Comment 5 Jack Howarth 2010-05-09 23:12:17 UTC
Okay, my mistake. It appears that the default builds for both i386-apple-darwin* and x86_64-apple-darwin* are both leaving -mtune set at generic. However it would be a nice aim for gcc 4.6.0 to have the processor specific costs outperform the generic tuning when invoked.

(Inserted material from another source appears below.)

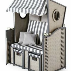 Mit diesem 1-Sitzer Strandkorb holen Sie sich das Urlaubs- und Strandfeeling in Ihren Garten oder auf den Balkon. Der graue Korb aus Spießtanne ist mit einem hellgrauen Geflecht aus Polyethylen übersehen. Abgerundet wir das Design durch den grau und weiß gestreiften Stoff im Inneren. Für ein hohes Maß an Gemütlichkeit sorgen die beiden Fußstützen, damit Sie Ihre Beine ganz entspannt hochlegen können. Durch den verstellbaren Oberkorb können Sie die Sitzposition an Ihre Bedürfnisse anpassen.

Comment 6 Dominique d'Humieres 2011-12-06 11:45:39 UTC
Although I don't know if the cost model is perfectly tuned for the Intel Core2Duo, the particular instance of this PR has been fixed since a long time (see pr34265 and pr50904), on trunk at r182043, I now get on a slightly faster proc (2.5Ghz vs. 2.1Ghz):

[macbook] lin/test% time gfc -O3 -ffast-math -funroll-loops induct.f90
7.969u 0.101s 0:08.07 99.8%	0+0k 0+40io 0pf+0w
[macbook] lin/test% time a.out > /dev/null
13.062u 0.026s 0:13.09 99.9%	0+0k 0+0io 0pf+0w
[macbook] lin/test% time gfc -O3 -ffast-math -funroll-loops induct.f90 --param min-vect-loop-bound=2
7.965u 0.110s 0:08.08 99.8%	0+0k 0+23io 0pf+0w
[macbook] lin/test% time a.out > /dev/null
13.063u 0.027s 0:13.09 99.9%	0+0k 0+0io 0pf+0w

So I am closing the PR as fixed. Thanks for all the work leading to a nice speed-up.